■ TASK TO CARRY OUT
Each entry should be restated word for word, with all pictures left out.
---------- DATA ----------
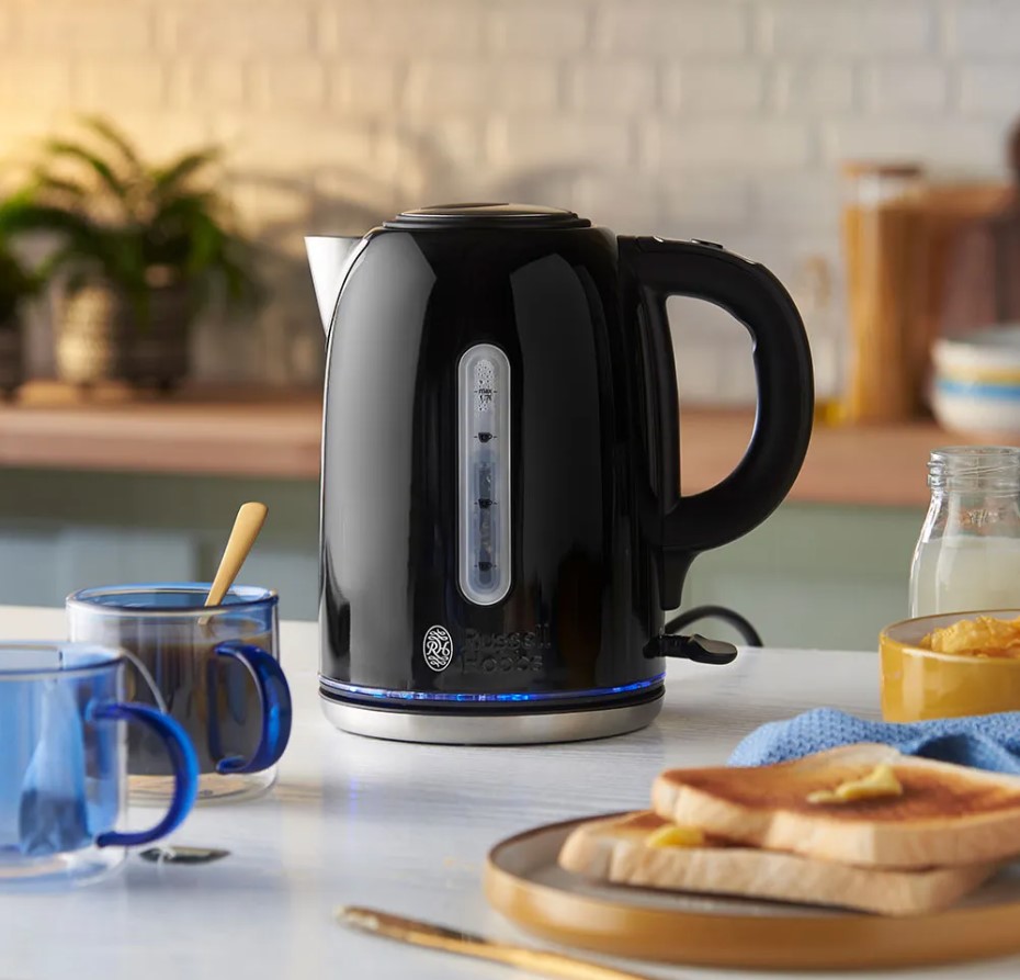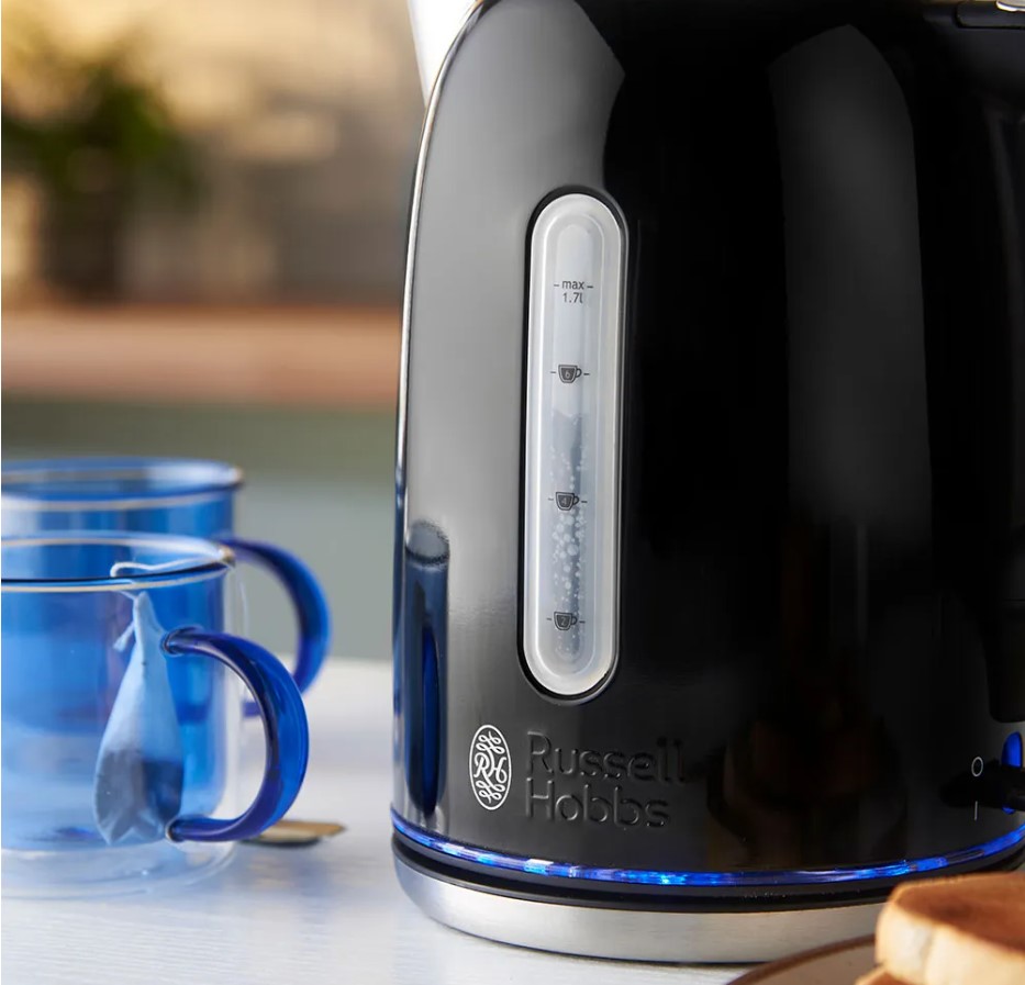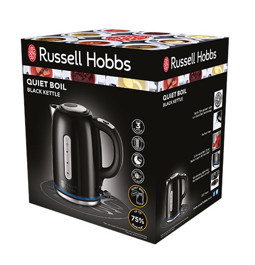 Sleek and modern, the Russell Hobbs Quiet Boil Kettle in Black has a quiet boil feature that makes it up to 75% quieter* than a standard kettle.
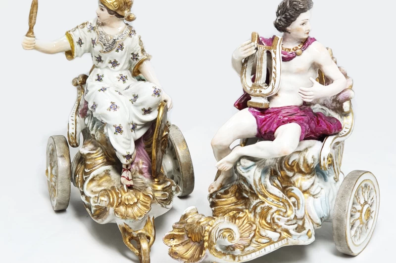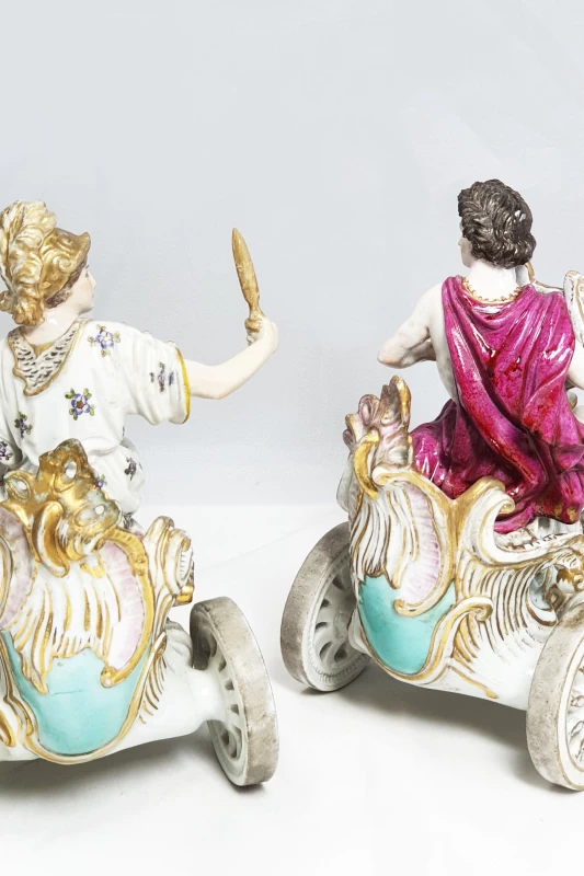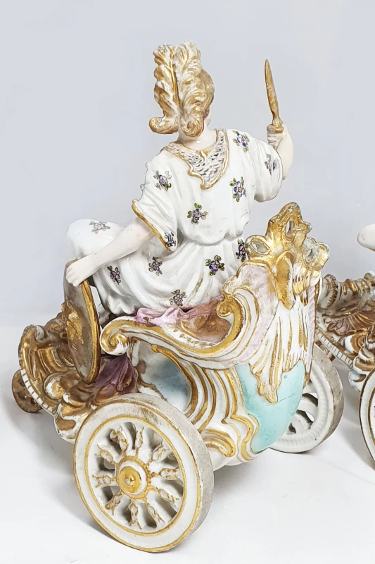 Antiguo par de carrozas de porcelana
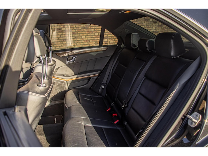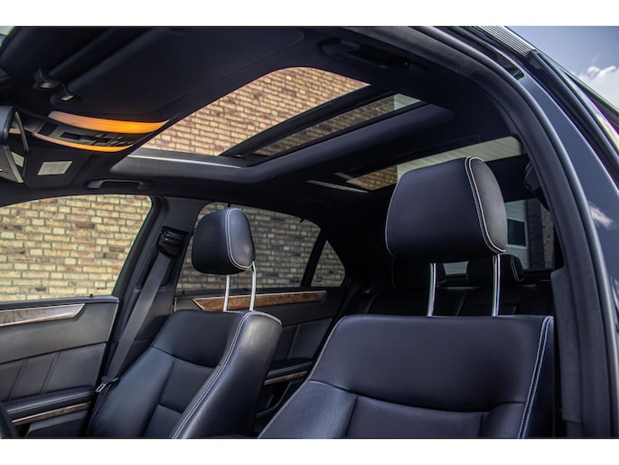 De auto is uitgevoerd in een klassieke zwarte lak, wat perfect past bij het stijlvolle karakter van de E-klasse. De AMG styling bumpers en lichtmetalen velgen geven het geheel een nette en sportieve uitstraling. Dankzij het panoramadak oogt de auto niet alleen luxueus, maar geniet je ook van extra lichtinval en een ruimtelijk gevoel tijdens het rijden.
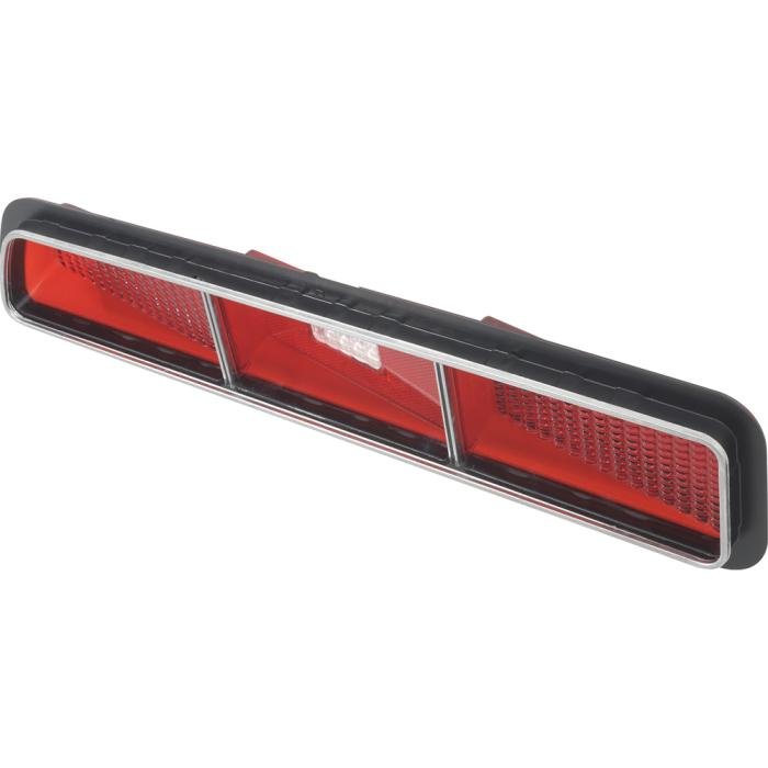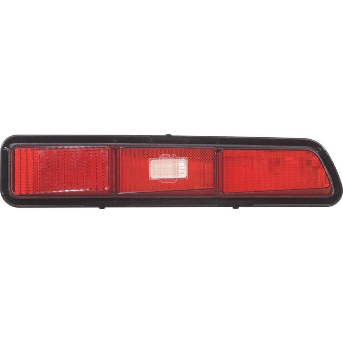 Reproduction rear tail light lens for all 1969 Camaro standard, SS & Z28 models without the Rally Sport option. Each lens is manufactured to exact factory specifications. Each lens features correct SAE and "Guide" markings for authenticity. This lens also includes correct stainless steel trim around the outer edge along the two vertical stainless trim moldings that separate the three sections of the lens. The back up lamp lens is a small white rectangular section in the center of the tail lamp lens.
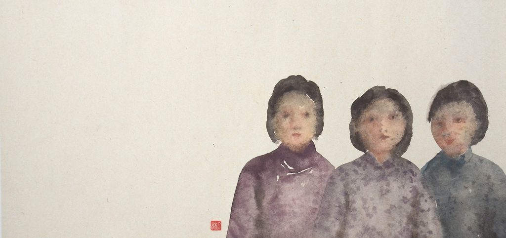 姐妹之二,纸本水墨,70×30厘米,2014年
----------
■ EXERCISE RESPONSE
 Sleek and modern, the Russell Hobbs Quiet Boil Kettle in Black has a quiet boil feature that makes it up to 75% quieter* than a standard kettle.
 Antiguo par de carrozas de porcelana
 De auto is uitgevoerd in een klassieke zwarte lak, wat perfect past bij het stijlvolle karakter van de E-klasse. De AMG styling bumpers en lichtmetalen velgen geven het geheel een nette en sportieve uitstraling. Dankzij het panoramadak oogt de auto niet alleen luxueus, maar geniet je ook van extra lichtinval en een ruimtelijk gevoel tijdens het rijden.
 Reproduction rear tail light lens for all 1969 Camaro standard, SS & Z28 models without the Rally Sport option. Each lens is manufactured to exact factory specifications. Each lens features correct SAE and "Guide" markings for authenticity. This lens also includes correct stainless steel trim around the outer edge along the two vertical stainless trim moldings that separate the three sections of the lens. The back up lamp lens is a small white rectangular section in the center of the tail lamp lens.
 姐妹之二,纸本水墨,70×30厘米,2014年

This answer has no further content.